В мастерскую, обложенную дедовским ветом, я какое-то время, и правда, не захожу, также демонстративно перестал проявлять инициативу в домашних делах, искренне с растройства к ним охладев на время, чем даже раздосадовал бабушку еще больше. Она никогда не скрывала своей мечты, что я навсегда останусь в деревне, женюсь на соседской девке Ленке, и буду жить крепким хозяйством в отчем доме, о чем непрестанно мне говорила. 
Я, конечно, не давал ей повода надеятся, будучи всегда с ней честным, что смогу взять на себя такую ответственность, не несущую в перспективе никаких материально ощутимых благ. Мне очень хотелось, чтобы дом моих предков, ставший мне очень близким, и дальше существовал. Но чуствовал себя лишь Робинзоном, каким-то обманным способом заманенного на остров, которому сужденно утонуть. 
Дед рассказывал, что до коллективизации в хлевах дома было до пяти коров, лошади, без числа овец, хозяйство было крепкое и зажиточное. Усердие в работе никогда, как говорил дед, не заставляло их ходить просить по дворам куска хлеба у чужих людей, жить чужой милостью. На слове "чужих" он делал особый акцент, и то, что в тяжелые времена коллективизации и войны их семья не потяряла числом, он ставил в заслугу суровому своему отцу Евлампию, облик которого остался на желтушных фотографиях, небрежно расстерянных теперь. 
Мне не льстило быть тем избранным, что один из сотни родственников, расплодившихся из двенадцати единоутробных, должным стать хранителем родового очага, обреченным на трудоголическую карусель до конца жизни. Всё расширявшееся вокруг запустение не добавляло оптимизма. 
Те дальние для меня родственники иногда наезжали ватагами на несколько дней, превращая размеренную нашу жизнь в осточертевающий быстро балаган, обычно я спал в эти дни на вышке, чтобы с ними не пересекаться. Это такая маленькая избушка, стоящая под общей крышей на большой избе. Тоже отличное место уединения, если бы не предательски скрепящие половицы, выдававшие с головой, что там, наверху кто-то есть. 

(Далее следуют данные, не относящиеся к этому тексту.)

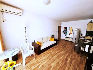 Апартаментът е просторен и функционален, напълно обзаведен и оборудван, със следното разпределение – голяма всекидневна с трапезария и кухненски бокс, слънчева спалня, баня с тоалетна, балкон.

Вообще дедов дом очень большой, зная его наизусть, я мог оставаться почти незаметным для гостей, не особо себя стесняя в передвижении, своеобразно играя в прятки с ними. Настолько вот я презрительно их недолюбливал за то, что они приезжали сюда просто так погостить, погорланить до ночи, не понимая, что завтра им спать хоть до обеда, а у бабки подъем в пол-пятого, к примеру. 

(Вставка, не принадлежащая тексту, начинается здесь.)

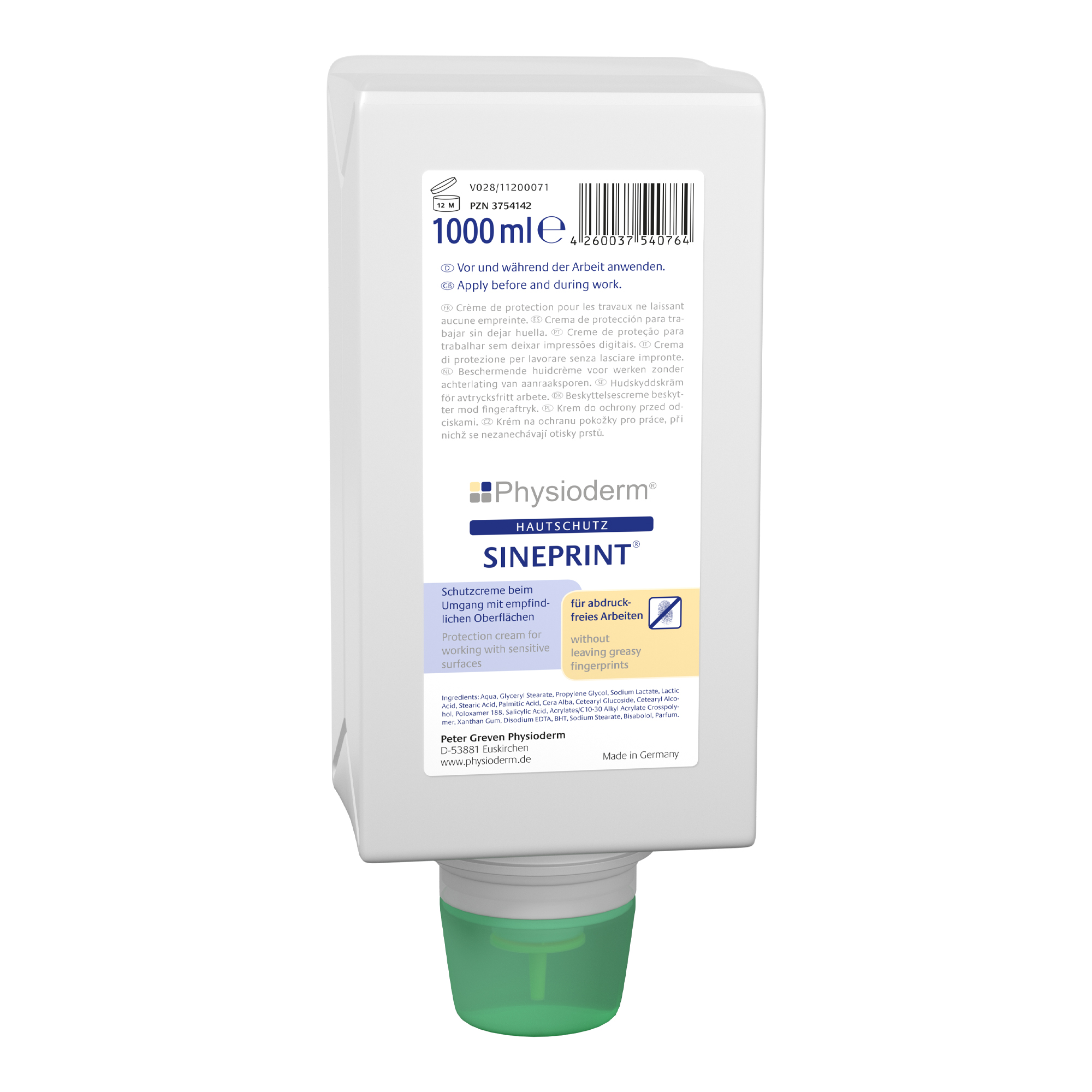Physioderm sineprint schützt empfindliche Werkstücke vor Fettabdrücken durch den Bearbeiter und die Haut beim Umgang mit mechanisch reizenden Arbeitsstoffen wie z. B. Staub, Metallabrieb, Glasfaserstäuben und Papier. sineprint® Hautschutzcreme enthält natürliche Wachsteilchen, die in der fett- und silikonfreien Grundlage gelöst sind. Nach dem Auftragen auf die Haut bilden die Wachsteilchen - zusammen mit anderen Inhaltsstoffen - einen stabilen, luftdurchlässigen Schutzfilm auf der Haut. Der entstandene Schutzfilm verhindert den direkten Kontakt der Haut mit mechanisch reizenden Arbeitsstoffen. Die Griffigkeit und Rutschfestigkeit der Hände wird erheblich verbessert. Die natürlichen, physiologischen Funktionen der Haut werden durch den Schutzfilm nicht beeinträchtigt.

Меня бесило их поверхностное дежурное любопытство, снисходительное панибратсво этих незнакомых мне почти дядек и тетек, заехавших сюда, как на встречу одноклассников. Они вели себя неуместно развязно, ходили по дому, что-то вспоминая и смеясь, живя прошлым в моем придуманном настоящем, оскорбительным пустобрехством еще стремительнее приближая щемящее осознание тщетности усилий и осязаемого уже забвения, нависшего над домом.

nektome.blog https://nektome.blog/ +7 (927) 2893774
| Комментариев: 2
    Новых комментариев: 0
  1. Комментариев нет...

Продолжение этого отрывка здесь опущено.